On Tue, 8 Oct 2019, at 19:52, Linus Björnstam wrote:
>
> On Mon, 7 Oct 2019, at 17:18, Lassi Kortela wrote:
> > - tflatten -- With flattening procedures, there's always the question of
> > whether it flattens only one layer of lists, or all layers recursively.
> > This looks like it flattens all layers. I don't know if there are
> > standard names for these variants; I've used "flatten-once" and
> > "flatten-all".
Since all schemes that have srfi-1 has concatenate, I think flatten is
a good name in contrast to that. Racket uses flatten, and apart from
that I find very little info about other names used.
> >
> > - tsegment -- This operation is variously known as 'segment', 'group',
> > etc. Is one of those names preferred in Scheme as a whole?
Tsegment and tpartition used to be called tpartition-all and tpartition
respectively (names stolen from Closure). Names were changed after a
suggestion by John. Naming them in a clear and easy-to-separate way is
nearly impossible, but this way separates the meaning of tsegment from
partition of srfi-1
> >
> > - tadd-between -- This operation is variously known as 'interpose',
> > 'delimit', etc. Is one of those names preferred in Scheme? If not, the
> > obviousness of "add-between" is nice :)

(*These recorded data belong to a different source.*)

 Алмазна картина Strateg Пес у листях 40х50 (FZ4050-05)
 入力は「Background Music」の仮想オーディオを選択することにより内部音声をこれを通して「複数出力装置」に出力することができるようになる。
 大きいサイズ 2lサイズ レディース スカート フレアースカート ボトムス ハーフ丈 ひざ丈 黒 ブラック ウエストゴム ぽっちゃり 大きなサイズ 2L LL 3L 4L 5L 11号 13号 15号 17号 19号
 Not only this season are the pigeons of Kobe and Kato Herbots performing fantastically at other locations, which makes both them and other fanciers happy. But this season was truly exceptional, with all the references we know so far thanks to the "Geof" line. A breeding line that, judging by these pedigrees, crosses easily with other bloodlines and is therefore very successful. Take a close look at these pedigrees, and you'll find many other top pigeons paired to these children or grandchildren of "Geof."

interpose is the clojure name. As someone with another mother tongue
than english, I had no idea what interpose meant. John suggested
add-between which I liked and has some precedence in racket.
> > - tconcatenate -- Could this be 'append' for symmetry with tappend-map,
> > or is it deliberately called concatenate instead of append for a
> > particular reason? SRFI 1 has both append and concatenate; append is the
> > usual one featured in most Scheme programs so it's more familiar.

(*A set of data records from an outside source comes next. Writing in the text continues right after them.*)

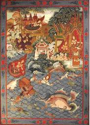 | Keywords: Thai - Mahajanaka Jataka - Walters 2010127.jpg pigments cloth cm 81 58 4 accession number 2010 12 7 81911 Connie Mascow proprietor of 'Monogram' Oriental Hotel Shopping Gallery Bangkok Thailand date and mode of acquisition unknown Collection of James E Bogle Philadelphia Pennsylvania December 20 1975 by purchase Walters Art Museum Gift of Mr James E Bogle 2010 Exhibition of Thai Paintings from James Bogle's Collection Lycoming College Gallery Williamsport 1981-2002 place of origin Thailand Walters Art Museum license 2D Thai paintings in the Walters Art Museum Art of Ancient Thailand Media contributed by the Walters Art Museum needs category review |
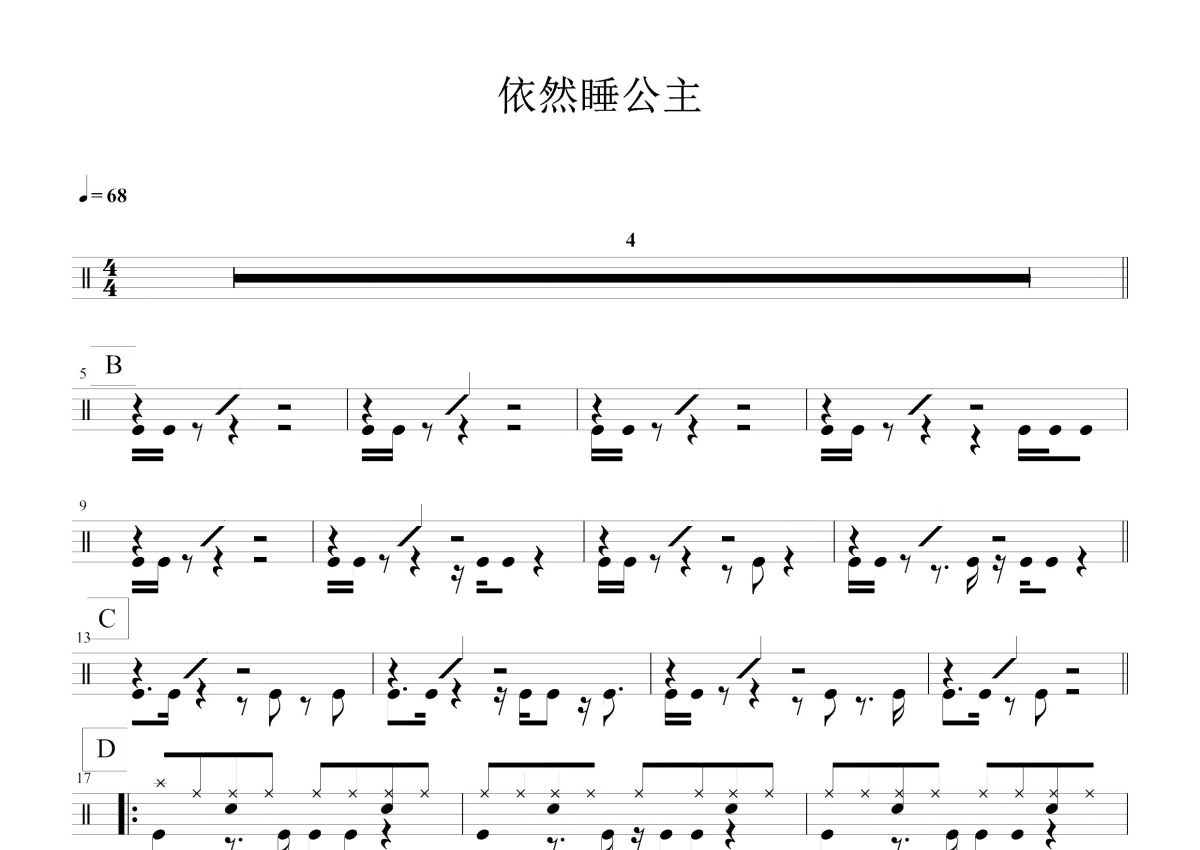 《依然睡公主》是邓紫棋演唱的一首歌曲,这份鼓谱共有两张高清图谱,图谱由 @打鼓谱 编配上传,图谱使用五线谱编配,使用这份依然睡公主架子鼓谱,你将能够轻松地敲打出这首邓紫棋的依然睡公主,快来尝试吧。《依然睡公主》是由邓紫棋创作词曲并演唱的歌曲,收录于邓紫棋2019年发行的音乐专辑《摩天动物园》中。
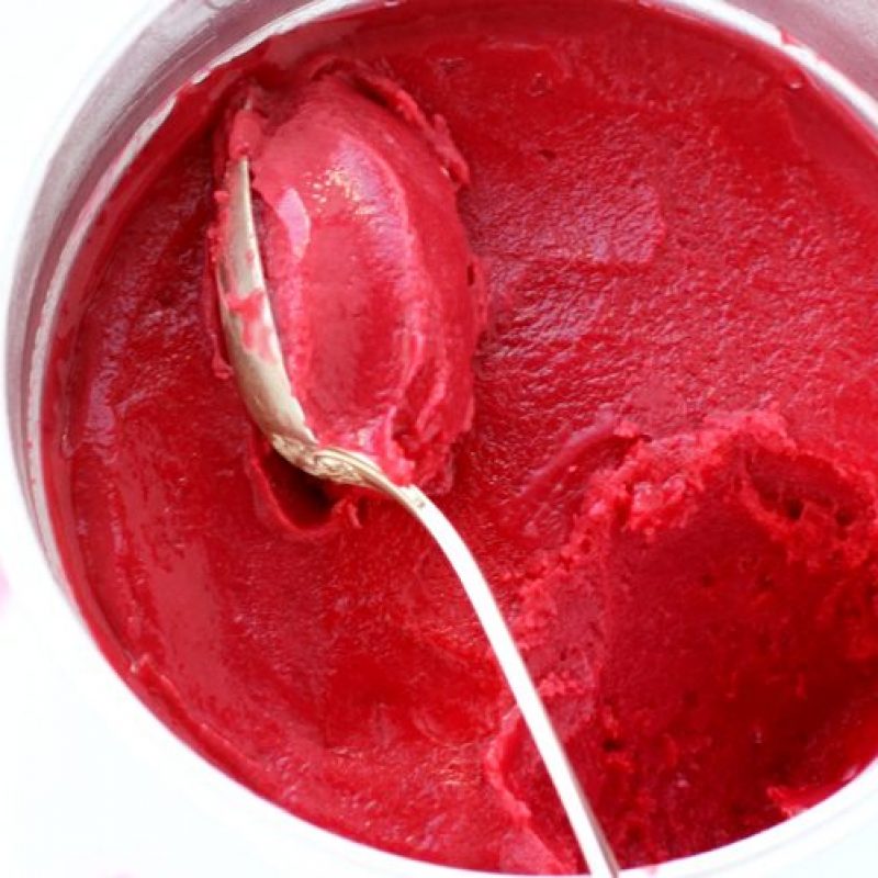 Make a syrup with sugar, lemon juice and water. Add raspberries, mix, filter, cool and then make it catch in your ice cream maker. Churn until you get the consistency of ice cream. Book in freezer until ready to serve with the shortbread cookies recipe you’ll find here.
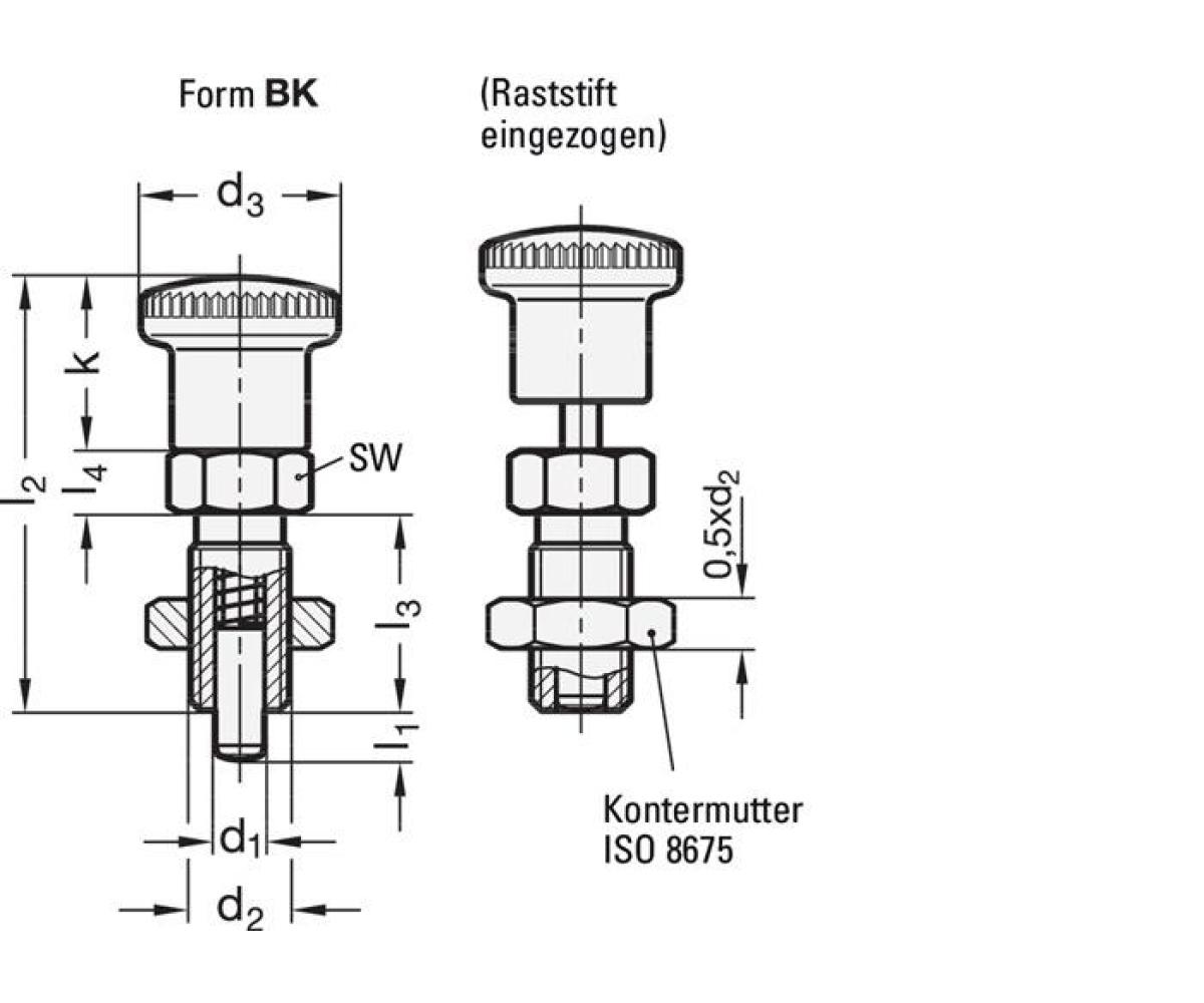 | Ausführung | Stahl, ohne Rastsperre, mit Kontermutter |

concatenate and append do slightly different things, and I think the
workings of tconcatenate is closer to concatenate than append, at least
when used with xxx-transduce (which is probably the best use-case for
it, since a streaming use is rather useless).
> >
> > - tdelete-neighbour-dupes -- Would the American English spelling
> > "neighbor" be OK? Almost all Scheme code uses AE spelling.

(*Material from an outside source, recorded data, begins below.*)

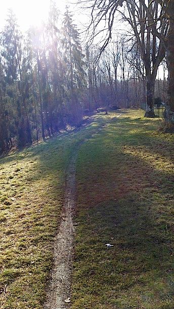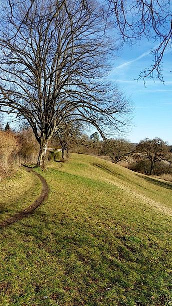 Die Wanderung folgt zu Beginn der Dall’Armi Straße Richtung Osten. Bald mündet diese in die Baumschulenstraße ein. Ihr folgt der Wanderer nach rechts Richtung Süden, bis der Höhenweg wieder nach Westen abzweigt. Nach kurzer Zeit biegt die Asphaltstraße in einen schmaleren gekiesten Weg zwischen Feldern und Wiesen ein. Schließlich geht es unter Laubbäumen zu einem erhöhten Aussichtspunkt. Hier laden Bänke und Tische zu einer ersten Rast ein. Der Blick geht über den von einem breiten Schilfgürtel umgebenen Gartensee bis zu den ersten Vorbergen der Alpen.
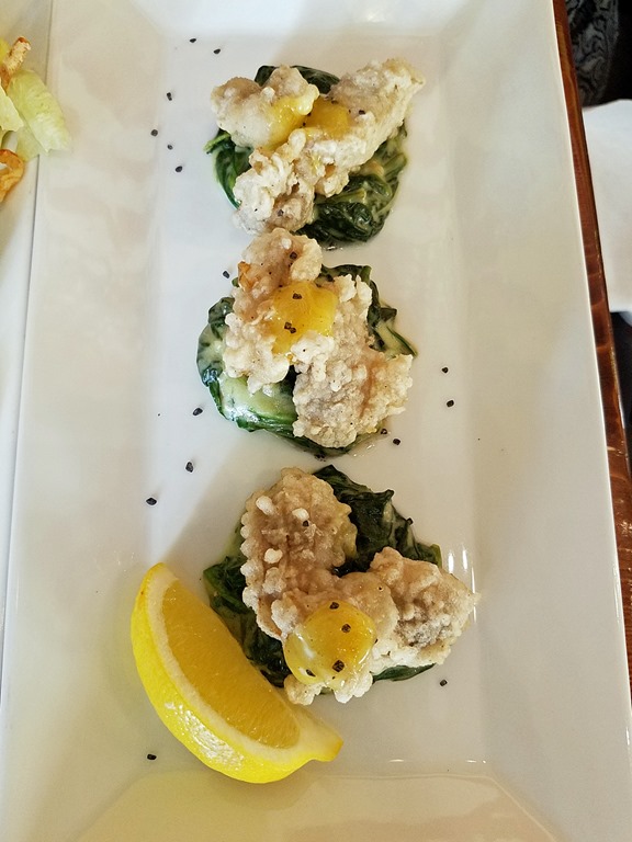 My wife tried the Crispy Fried Oysters with creamed Spinach, Curry Aioli, Black Salt, and Lemon. She really loved them.
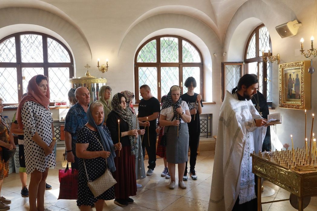 Затем паломники посетили Донской монастырь, где перед мощами святителя Тихона, Патриарха Всероссийского, был совершен молебен о мире на Украине. Поклонившись мощам святителя Тихона и иконе Божией Матери «Донская», вынужденно покинувшие Украину переселенцы ознакомились с историей обители, осмотрели Малый Донской собор, услышали рассказ о чине варения мира, традиционно здесь совершаемом Святейшим Патриархом Московским. Паломники посетили также монастырский некрополь и увидели уцелевшие горельефы из разрушенного в 1931 году Храма Христа Спасителя.
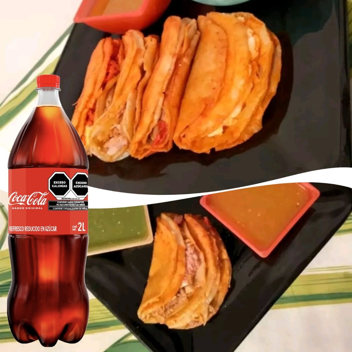 Coca cola original 1, 35 L*1 + Plato grande de 10 tacos*2
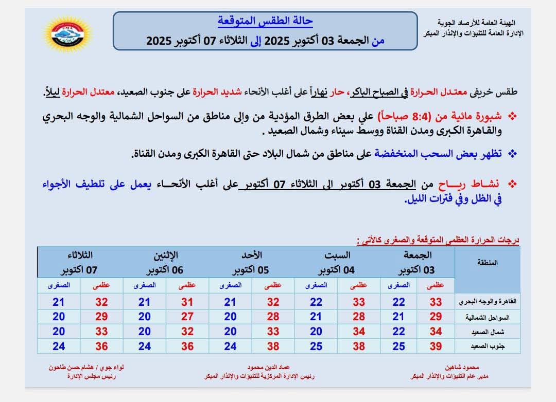يشهد طقس الجمعة غدا طقسا خريفيا معتدل الحرارة في الصباح الباكر، حار نهاراً على أغلب الأنحاء شديد الحرارة على جنوب الصعيد وجنوب سيناء، معتدل الحرارة ليلاً.
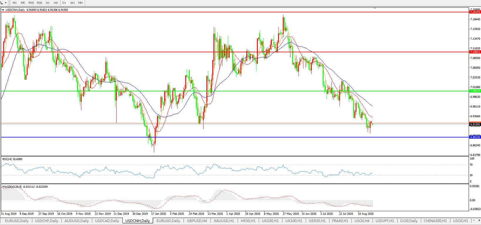 美元兑人民币USDCNH 日线图:
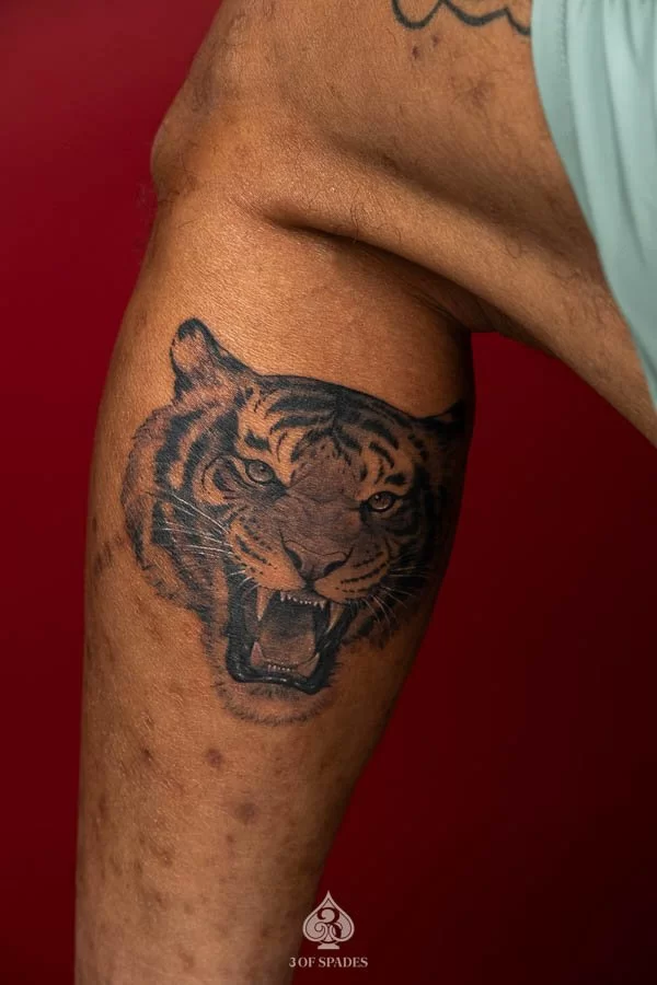 Most tattoos take 2 to 4 weeks for the surface to heal, with full skin recovery taking up to 3 months. We provide detailed aftercare instructions to ensure your Tiger Realism Thigh Tattoo heals perfectly and retains its vibrancy.
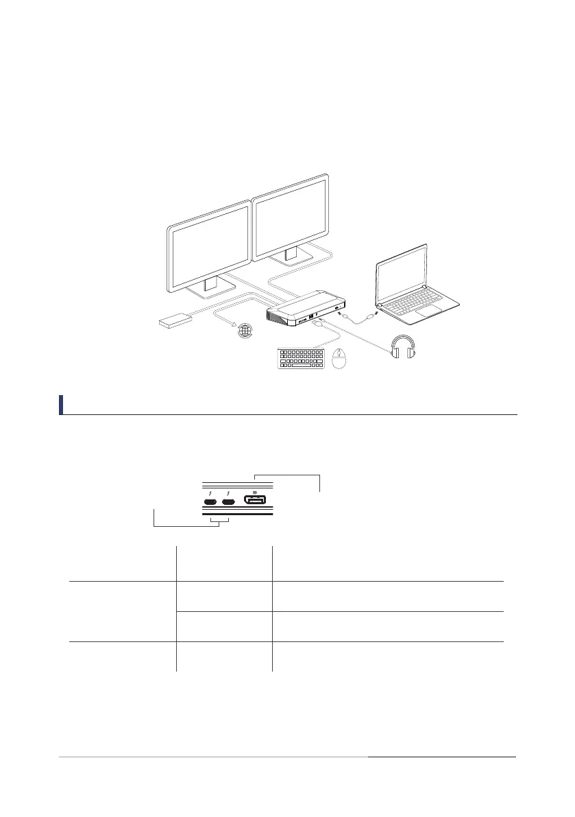 using any two ports of the available DisplayPort or two Thunderbolt™ 4 ports.

Good catch. British english is what I was taught in school, but that
has been diluted through long exposure to american TV. Even though I
prefer the British spelling I agree with this change.
>
>
> >
> > - revery -- The identity value is not stated in the SRFI. According to
> > the implementation, the identity if #t, which is the usual one and
> > matches SRFI 1.
>
Will add! Good catch.
>
> >
> > P.S. Linus, congratulations on your first SRFI :) Very good work!
> >
>
Thank you. John asked me to submit a much more controversial one (based
on a syntax-case implementation of rackets for loops for guile). It
will be interesting to see whether I can get that through first draft
status :D
I will try to answer the other emails tonight, but the fatherly duties
come first! Thank you for your input!